Читаем Слова и вещи. Археология гуманитарных наук полностью

И напротив, в той точке, где представление встречается с бытием, где пересекаются природа вообще и человеческая природа, в том месте, где, как нам теперь кажется, мы узнаем первоначальное, неопровержимое и загадочное существование человека — там классическая мысль порождает не что иное, как мощь дискурсии. Дискурсии — то есть языка в его способности выражать представления, языка, который именует, расчленяет, сочетает, связывает и развязывает вещи, позволяя увидеть их в прозрачности слов. Исполняя эту свою роль, язык преобразует ряд восприятий в картину и, напротив, расчленяет непрерывность живых существ на отдельные признаки. Где дискурсия налицо, там сополагаются и располагаются представления, там соединяются и расчленяются вещи. Высокое призвание классического языка всегда заключалось в том, чтобы построить «картину», будь то естественнонаучная речь, свод истин, описание вещей, собрание точных знаний или же энциклопедический словарь. Язык обязан быть прозрачным; он утратил ту скрытую плотность, которая в XVI веке сгущала его в требующую разгадки речь, сплетая с вещами этого мира; он еще не приобрел и того разностороннего существования, о котором мы задумываемся в наши дни. Для классического века дискурсия есть та полупрозрачная необходимость, через которую проходят и представления и существа, коль скоро эти существа представлены перед духовным взором, коль скоро представление делает видимой самую истину существ. Сама возможность познания вещей и их порядка связана в классическом опыте с державной властью слов: слова здесь и в самом деле не являются ни знаками, требующими разгадки (как в эпоху Ренессанса), ни орудиями, более или менее надежными и управляемыми (как в эпоху позитивизма); скорее, они образуют некую бесцветную сетку, на основе которой выявляются существа и упорядочиваются представления. Именно этим, конечно, и обусловливается тот факт, что классическая рефлексия о языке, будучи частью общей организации знания, в которую она входит на тех же правах, что и анализ богатств или естественная история, играет по отношению к ним руководящую роль.

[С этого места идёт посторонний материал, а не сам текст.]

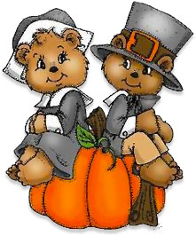 A turkey with pilgrims plus pumpkins and autumn leaves. |

Самое важное следствие заключается, однако, в том, что классический язык как общая дискурсия представления и вещей, как место, в котором природа вообще пересекается с человеческой природой, начисто исключает то, что можно было бы назвать «наукой о человеке». Покуда западная культура говорила на этом языке, невозможно было ставить вопрос о самом человеческом существовании, поскольку именно в нем представление связывалось с бытием. Та самая дискурсия, которая в XVII веке связывала друг с другом «я мыслю» и «я есмь» (того, кто осуществлял и то и другое), воочию оставалась основой классического языка, поскольку именно в нем представление полноправно связывалось с бытием. Переход от «я мыслю» к «я есмь» осуществлялся в свете очевидности, внутри дискурсии, область действия которой и заключалась в сочленении того, что себе представляют, и того, что существует. Этот переход нельзя опровергнуть ни тем, что бытие, как таковое, не является содержанием мысли, ни тем, что особое бытие, обозначаемое как «я есмь», еще не было подвергнуто отдельному исследованию и разбору. Точнее, все эти возражения вполне правомерно могли бы возникнуть лишь в плане уже совсем другой дискурсии, в основе которой не лежит связь представления с бытием; чтобы высказать подобные возражения, необходима такая проблематика, которая уже выходит за рамки представления. Однако покуда продолжала существовать классическая дискурсия, вопрос о способе бытия Cogito не мог еще быть произнесен.

3. АНАЛИТИКА КОНЕЧНОГО ЧЕЛОВЕЧЕСКОГО БЫТИЯ

Когда естественная история становится биологией, анализ богатств — экономией, размышление о языке, что важнее всего, превращается в филологию, а классическая дискурсия, в которой находили свое общее место бытие и представление, исчезает вовсе, тогда в глубине этого археологического изменения появляется человек в его двусмысленном положении познаваемого объекта и познающего субъекта; разом и властитель и подданный, наблюдатель и наблюдаемый, он возникает в том самом предуказанном ему в «Менинах» королевском месте, где его реальное присутствие столь долго было невозможно. Кажется, будто в том пустующем пространстве, к которому обращена вся картина Веласкеса (отражая его, однако, лишь случайно в зеркале и как бы взламывая), все образы, которые, казалось, чередовались, взаимоисключались, пересекались, перемигивались (модель, художник, король, зритель), вдруг прекратили свой неуловимый танец и застыли во всей полноте своего образа, как бы требуя, чтобы перед телесным взглядом предстало наконец все пространство представления.